7. Outdoor chalkboard with rock climbing holds. This is no ordinary chalkboard wall — those little holes are actually holds for rock climbing. Just make sure children don’t draw below while other kids climb!
8. Truck play zone. Any blank area in the garden can be quite easily turned into a “work zone” for toy trucks; simply leave a patch of dirt bare and plunk down some trucks and digging tools.
9. Edible beds with inviting paths. Kids get excited about eating their vegetables when they’ve helped grow them in their backyard. Growing a mix of fun edibles (like sugar snap peas and mint), soft and touchable plants (like lamb’s ear), and fresh flowers meant for cutting means there is always something interesting to do in the garden.
Stock an area nearby with kid-size watering cans and make clearly marked paths so kids know where to walk (and where not to).
10. Garden art. Colorful sculptures and statues tucked into hidden nooks and crannies throughout the garden delight children. Kids can also get involved in decorating the garden by painting rocks and making plant markers.
11. Natural play area. A small dug-out area filled with sand and bordered with natural stones makes an inviting play area for young children. Add other found natural elements, like logs and wood slices, and plastic animals to complete the scene.

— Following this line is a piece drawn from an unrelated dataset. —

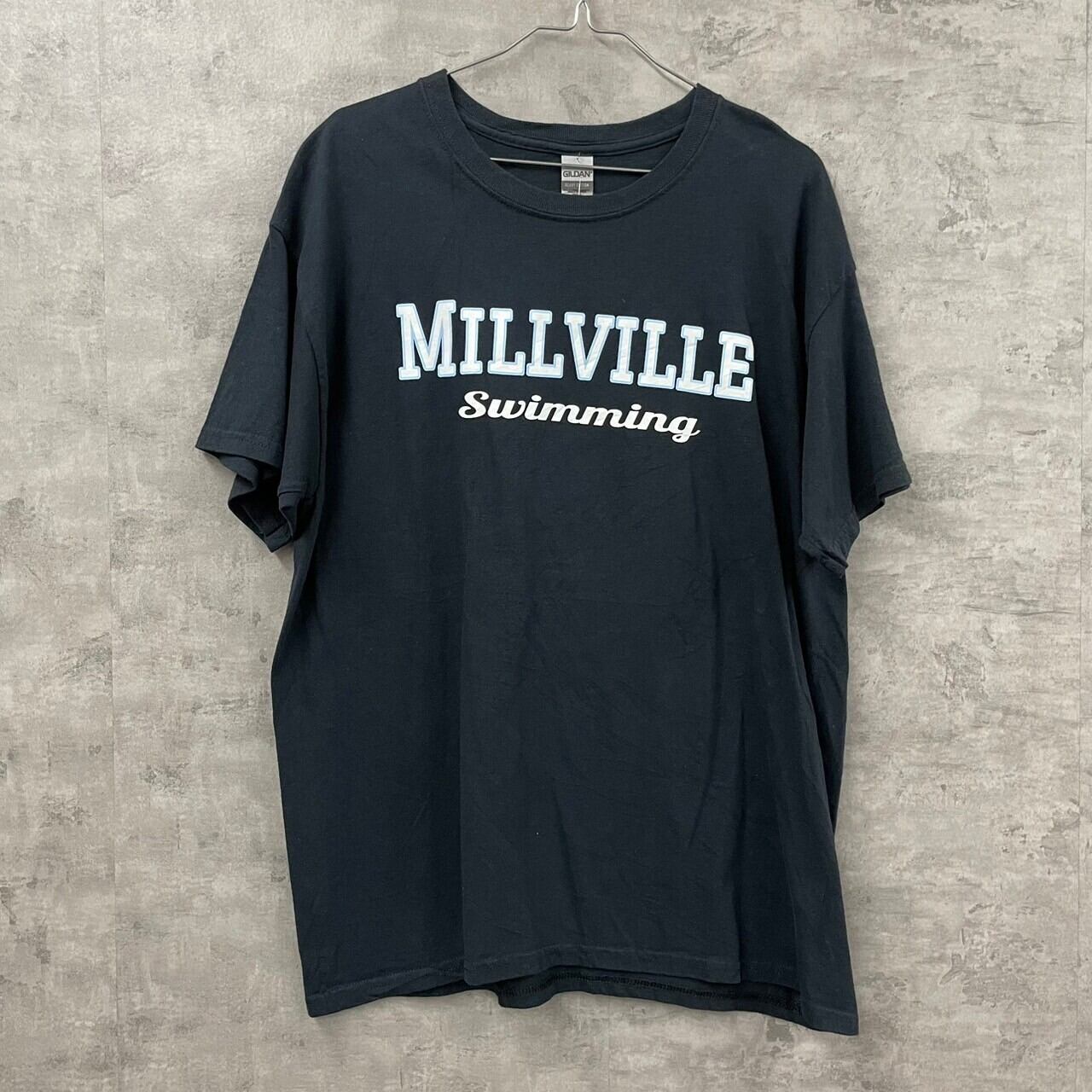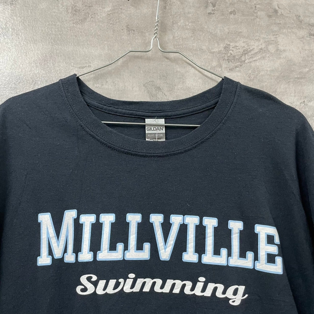 GILDAN ギルダン Tシャツ ダークネイビー 半袖 クルーネック メンズ L プリントデザイン ロゴ HEAVY COTTON USA 海外輸入 古着 TK10438
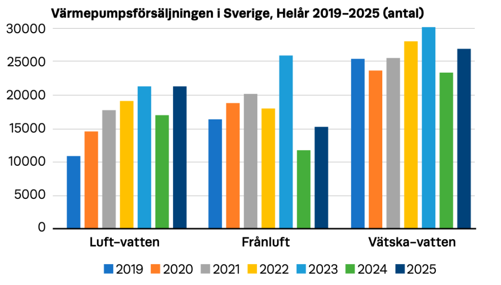 Under 2025 ökade försäljningen av värmepumpar på den svenska marknaden inom samtliga segment. Störst ökning noteras för frånluftsvärmepumpar med 28 procent, tätt följt av luft/vattenvärmepumpar som ökade med 24 procent. Även för bergvärmepumpar konstateras en tydlig ökning under fjolåret med 14 procent upp.

12. Sand pit now, veggie bed later. This is such a smart idea if you don’t want to commit permanently to a sandbox in the backyard: Build a raised veggie bed and fill it with sand instead. When your children are older, you can have the sand hauled out and fill the bed with soil.
13. Fairy house. Small children are enchanted by other wee things, and the idea of a garden fairy house can be especially appealing. You can buy them, but it can be more fun (and is certainly more cost effective) to make one yourself using found natural materials.
14. Swiss Family Robinson tree house. Inspire imaginative play with a rustic tree house made for outdoor adventures. This one was created using scrap wood and includes a bucket on a pulley — perfect for passing secret messages and other things up to those in the tree house.
15. Camp-style entertainment zone. A classic fire pit and picnic table are gathering areas the entire family can enjoy together. Having a casual, inviting outdoor space like this makes it more appealing to eat lunch outdoors in nice weather, or to head back outside after dinner for s’mores and songs around a blazing campfire. Just be aware that the ashes stay hot in fire pits for quite a long time — so keep kids away, even if it’s been a while since the last fire.